[[ Dataset excerpt open ]]
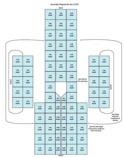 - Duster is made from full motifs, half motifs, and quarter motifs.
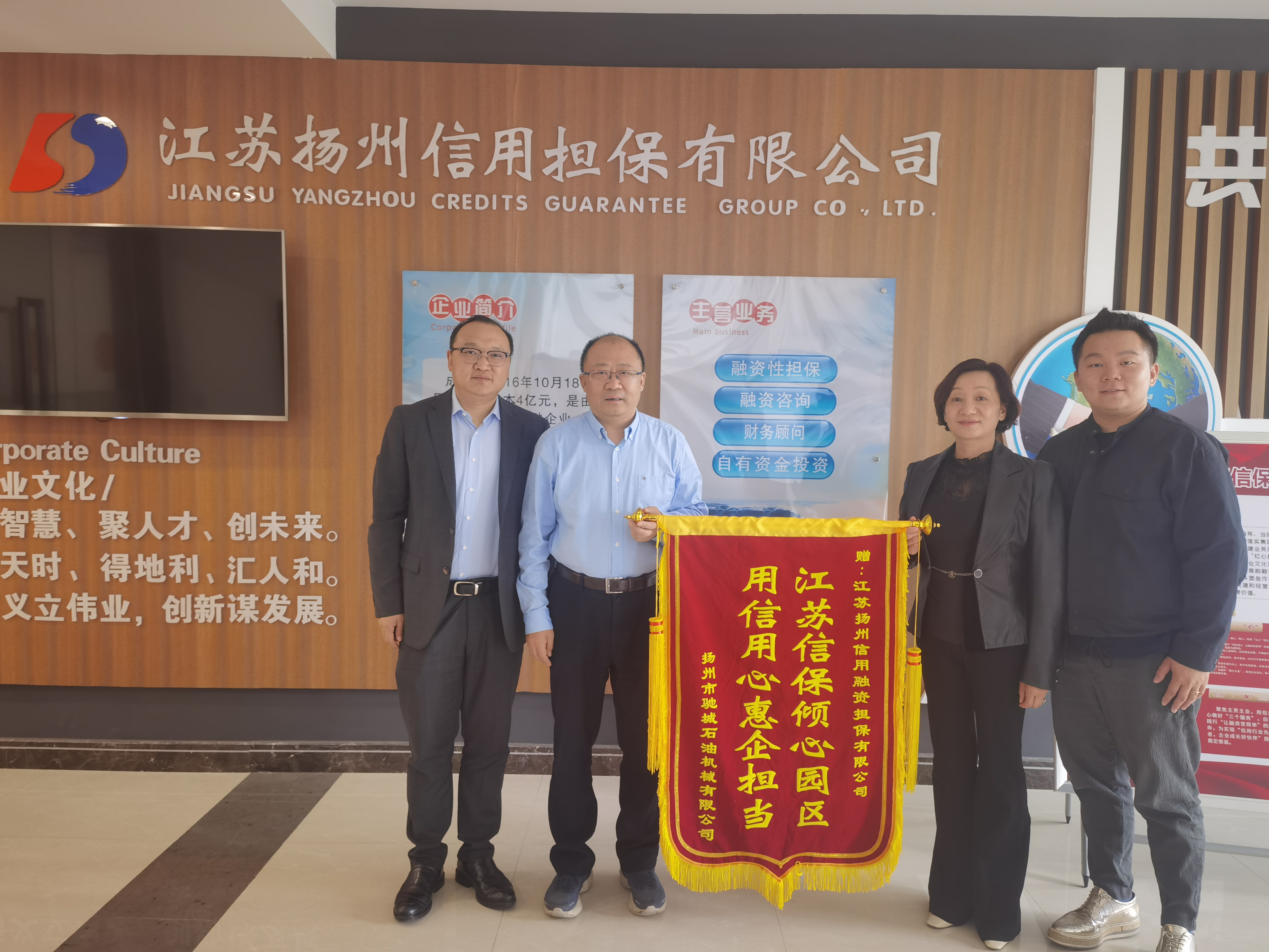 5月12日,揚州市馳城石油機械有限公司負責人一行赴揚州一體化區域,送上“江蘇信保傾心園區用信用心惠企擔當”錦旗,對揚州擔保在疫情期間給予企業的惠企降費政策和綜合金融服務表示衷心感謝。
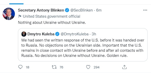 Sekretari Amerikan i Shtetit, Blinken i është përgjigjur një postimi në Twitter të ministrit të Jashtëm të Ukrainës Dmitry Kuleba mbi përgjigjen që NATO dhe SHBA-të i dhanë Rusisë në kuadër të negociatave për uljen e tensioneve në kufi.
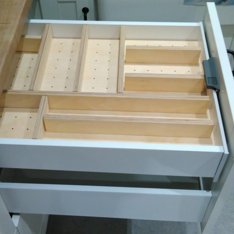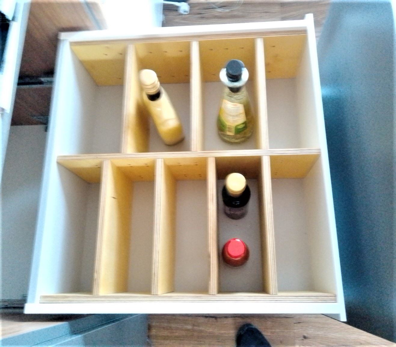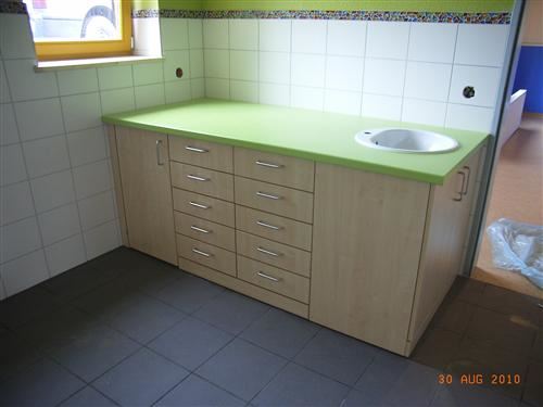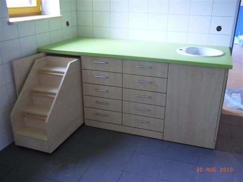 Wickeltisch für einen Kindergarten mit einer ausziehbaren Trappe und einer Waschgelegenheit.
[[ Dataset excerpt closed ]]
Would you restate word for word only the lines from the one containing "5月12日,揚州市馳城石油機" to the final line of the material, both ends included, without any pictures?

 5月12日,揚州市馳城石油機械有限公司負責人一行赴揚州一體化區域,送上“江蘇信保傾心園區用信用心惠企擔當”錦旗,對揚州擔保在疫情期間給予企業的惠企降費政策和綜合金融服務表示衷心感謝。
 Sekretari Amerikan i Shtetit, Blinken i është përgjigjur një postimi në Twitter të ministrit të Jashtëm të Ukrainës Dmitry Kuleba mbi përgjigjen që NATO dhe SHBA-të i dhanë Rusisë në kuadër të negociatave për uljen e tensioneve në kufi.
 Wickeltisch für einen Kindergarten mit einer ausziehbaren Trappe und einer Waschgelegenheit.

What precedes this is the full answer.